The amount of information absorbed or internalized depends on the day and mood of the president, say people familiar with the meetings. While Trump clearly acknowledges the increase in cases, he has remained adamant that further evidence has led to what appears to be a new out-of-control outbreak. He has made long complaints at several meetings that his response to the pandemic is being negatively covered. And he has lamented the circumstances he now finds himself, insisting that his fate is “terrible”.

Vague remarks

Trump offers denial and deception as pandemic crisis outstrips presidency

When Trump emerged at the Rose Garden on Tuesday for what some of his advisers hoped would be a majestic appearance announcing new actions against China while contrasting his record with rival Joe Biden, he instead issued a set of sometimes barely consistent comments who only vaguely addressed how he faced the pandemic.

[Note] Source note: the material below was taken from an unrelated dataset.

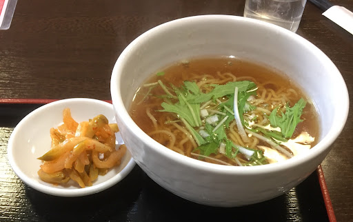 典型的な町中華の中華麺。極細縮れの多加水麺。多加水でありながら硬めの麺であるのは、グルテンの多い輸入強力粉とかん水で力強く圧延しているからであろう。しかし鼻から抜ける匂いには悪いかん水臭さもなく、良い製麺所だ。 ただし硬い麺を目指しすぎて茹で時間が短め。麺を噛んだ最後のクニっとした食感はまだ小麦粉が充分糊化されていない。あと30秒でも長く茹でていれば随分違う印象となるだろうに惜しい。

Trump has also complained at meetings about Fauci, the 79-year-old director of the National Institute of Allergy and Infectious Diseases, who repeatedly corrected the president’s statements or offered less optimistic views on the pandemic.

After Trump voiced his concerns about Fauci in a series of interviews, suggesting that he had been wrong about certain things at the start of the pandemic, attendees took the public comments as a sign that they should also question Fauci’s record, including through distribution of a list of his past statements to journalists over the weekend.

The reaction was swift, including from several of the President’s main allies, who said it was both self-destructive and a waste of time to publicly weaken one of the administration’s most trusted public health voices.

“Entering a contest with Dr. Fauci about whether or not he was right doesn’t move the ball forward,” Senator Lindsey Graham, R-South Carolina, an informal adviser to the president, said Tuesday.

However, even when Trump’s chief of staff Mark Meadows was organizing a détente, even during a long meeting with Fauci in his West Wing office, another senior aide, Peter Navarro, was presenting an eight-paragraph tirade against Fauci. on the editorial page of USA Today.

The newspaper said Wednesday that they had requested the article directly from Navarro in response to their own editorial that defended Fauci. They also said, after publication, that some of the claims were misleading and did not meet their fact-checking standards.

Jim Acosta and Kaitlan Collins of CNN contributed to this report.